1️⃣ Query 1: Find Top 10 Highest Revenue Generating Products 🛍️💰

--Q-1: find top 10 highest revenue generating products 

SELECT
      product_id, 
      SUM(sale_price)
FROM 
      afra_pd
GROUP BY 
      product_id
ORDER BY 
      SUM(sale_price) DESC
LIMIT 10;

Explanation

  • SELECT product_id, SUM(sale_price) ➡️ We want to find the total revenue (SUM(sale_price)) generated for each product (product_id).

  • FROM afra_pd ➡️ The data is coming from the afra_pd table.

  • GROUP BY product_id ➡️ Group the results by product_id so we can calculate the sum for each product.

  • ORDER BY SUM(sale_price) DESC ➡️ Sort the products by total revenue, from highest to lowest.

  • LIMIT 10 ➡️ Only show the top 10 highest revenue-generating products.

2️⃣ Query 2: Find Top 5 Highest Selling Products in Each Region 🏘️📈

WITH cte AS (
        SELECT 
            region,
            product_id,
            SUM(sale_price) AS sales
        FROM 
            afra_pd
        GROUP BY 
            region, product_id
)
SELECT * 
FROM (
        SELECT *,
               ROW_NUMBER() OVER(PARTITION BY region ORDER BY sales DESC) AS rn
        FROM cte
) A
WHERE rn <= 5;

Explanation

  • WITH cte AS (...) ➡️ We create a Common Table Expression (CTE) cte to calculate the total sales for each product in every region.

  • ROW_NUMBER() OVER(PARTITION BY region ORDER BY sales DESC) ➡️ For each region, assign a rank (ROW_NUMBER()) based on the total sales of each product, with the highest sales ranked first.

  • SELECT * FROM (...) WHERE rn <= 5 ➡️ Filter the results to only include the top 5 products for each region 5️⃣.

3️⃣ Query 3: Month-over-Month Growth Comparison for Sales in 2022 vs. 2023

Purpose

To compare sales growth month-over-month between 2022 and 2023. SQL Code (Microsoft SQL Server)

WITH cte AS (
    SELECT 
        YEAR(order_date) AS order_year,
        MONTH(order_date) AS order_month,
        SUM(sale_price) AS sales
    FROM 
        df_orders
    GROUP BY 
        YEAR(order_date), MONTH(order_date)
)
SELECT 
    order_month,
    SUM(CASE WHEN order_year = 2022 THEN sales ELSE 0 END) AS sales_2022,
    SUM(CASE WHEN order_year = 2023 THEN sales ELSE 0 END) AS sales_2023
FROM 
    cte
GROUP BY 
    order_month
ORDER BY 
    order_month;

Explanation YEAR() and MONTH(): Extracts year and month from order_date.
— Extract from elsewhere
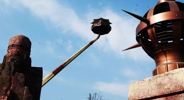 亚洲最大的大摆锤,6台大功率电机一起启动,瞬间将游人抬升至15层楼的高度(要飞上天,和太阳肩并肩,世界等着我去改变),跌落、翻转、转弯、飙升,乘坐其上,仿佛处于失控状态,惊心动魄,心肝出来了,哭爹喊娘的。

SUM(CASE WHEN ...): Calculates total sales for each year. GROUP BY: Groups results by month. ORDER BY: Sorts results by month.

4️⃣ Query 4: Highest Sales Month for Each Category

Purpose

To determine which month had the highest sales for each product category. SQL Code (Microsoft SQL Server)

WITH cte AS (
    SELECT 
        category,
        FORMAT(order_date, 'yyyyMM') AS order_year_month,
        SUM(sale_price) AS sales
    FROM 
        df_orders
    GROUP BY 
        category, FORMAT(order_date, 'yyyyMM')
)
SELECT *
FROM (
    SELECT *,
        ROW_NUMBER() OVER(PARTITION BY category ORDER BY sales DESC) AS rn
    FROM cte
) a
WHERE rn = 1;

Explanation 📝:

  • FORMAT(order_date, 'yyyyMM') ➡️ Formats the order_date into a year and month format (yyyyMM) 📅.
  • ROW_NUMBER() ➡️ Ranks the months by sales within each category, assigning a unique rank to each month based on the sales amount 📊.
  • WHERE rn = 1 ➡️ Filters the result to select only the month with the highest sales per category 🏅.

5️⃣ Query 5: Subcategory with Highest Growth by Profit in 2023 Compared to 2022

Purpose

To identify which subcategory experienced the highest profit growth from 2022 to 2023. SQL Code (PostgreSQL)

WITH cte AS (
    SELECT 
        sub_category,
        EXTRACT(YEAR FROM order_date) AS order_year,
        SUM(sale_price) AS sales
    FROM 
        afra_pd
    GROUP BY 
        sub_category, order_year
),
cte2 AS (
    SELECT 
        sub_category,
        SUM(CASE WHEN order_year = 2022 THEN sales ELSE 0 END) AS sales_2022,
        SUM(CASE WHEN order_year = 2023 THEN sales ELSE 0 END) AS sales_2023
    FROM 
        cte
    GROUP BY 
        sub_category
)
SELECT 
    sub_category,
    sales_2022,
    sales_2023,
    (sales_2023 - sales_2022) AS sales_growth -- Profit growth calculation.
FROM 
    cte2
ORDER BY 
    sales_growth DESC LIMIT 1;

Explanation 📝:

  • EXTRACT(YEAR FROM ...) ➡️ Retrieves the year from the order_date to separate data by year 📆.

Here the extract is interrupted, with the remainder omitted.